**PROVIDED MATERIAL:**
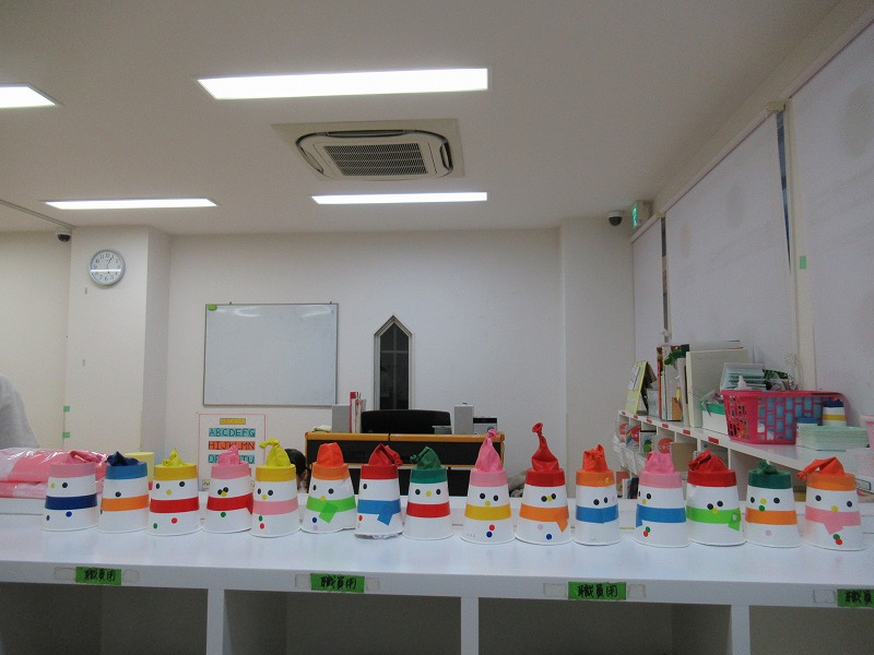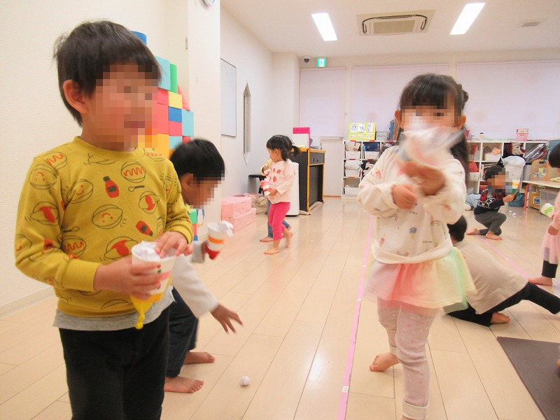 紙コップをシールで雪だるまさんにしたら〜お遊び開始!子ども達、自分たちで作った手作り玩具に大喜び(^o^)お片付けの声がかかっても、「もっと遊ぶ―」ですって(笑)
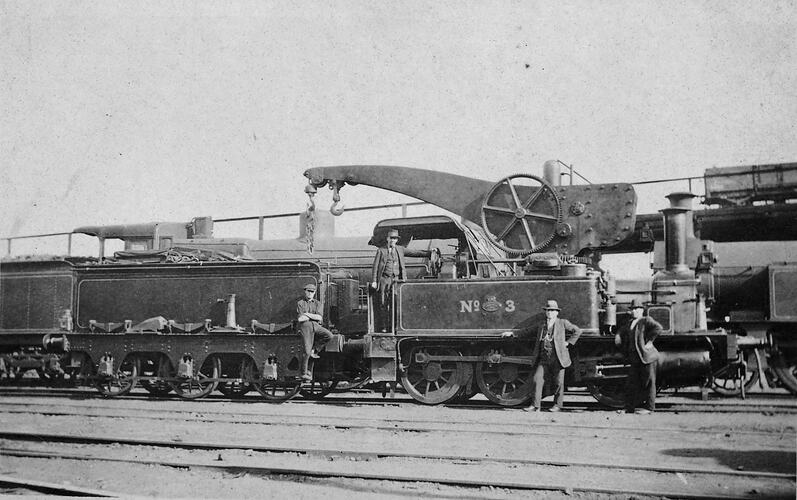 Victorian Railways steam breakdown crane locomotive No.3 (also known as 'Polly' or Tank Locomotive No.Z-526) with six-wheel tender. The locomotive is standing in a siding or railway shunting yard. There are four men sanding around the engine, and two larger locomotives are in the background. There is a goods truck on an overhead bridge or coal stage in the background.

* * *

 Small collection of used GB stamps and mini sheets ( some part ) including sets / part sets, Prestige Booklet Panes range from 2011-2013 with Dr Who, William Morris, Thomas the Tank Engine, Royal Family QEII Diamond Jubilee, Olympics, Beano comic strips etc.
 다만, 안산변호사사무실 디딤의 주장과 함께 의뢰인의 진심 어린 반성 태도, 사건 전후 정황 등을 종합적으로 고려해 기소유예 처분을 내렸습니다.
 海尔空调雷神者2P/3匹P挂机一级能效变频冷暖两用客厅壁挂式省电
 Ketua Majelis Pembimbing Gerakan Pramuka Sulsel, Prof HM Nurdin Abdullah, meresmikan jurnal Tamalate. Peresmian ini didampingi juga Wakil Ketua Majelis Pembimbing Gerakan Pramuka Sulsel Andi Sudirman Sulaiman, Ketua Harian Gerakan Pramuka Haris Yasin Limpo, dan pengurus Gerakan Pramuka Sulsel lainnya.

**PROBLEM REQUIREMENTS:**
Beginning with the line above that contains "Small collection of", copy each line exactly up to and including the line that contains "海尔空调雷神者2P/3匹P挂机一级能效变频冷暖两用客厅壁挂式省电", and go no further.

**FINISHED TASK:**
 Small collection of used GB stamps and mini sheets ( some part ) including sets / part sets, Prestige Booklet Panes range from 2011-2013 with Dr Who, William Morris, Thomas the Tank Engine, Royal Family QEII Diamond Jubilee, Olympics, Beano comic strips etc.
 다만, 안산변호사사무실 디딤의 주장과 함께 의뢰인의 진심 어린 반성 태도, 사건 전후 정황 등을 종합적으로 고려해 기소유예 처분을 내렸습니다.
 海尔空调雷神者2P/3匹P挂机一级能效变频冷暖两用客厅壁挂式省电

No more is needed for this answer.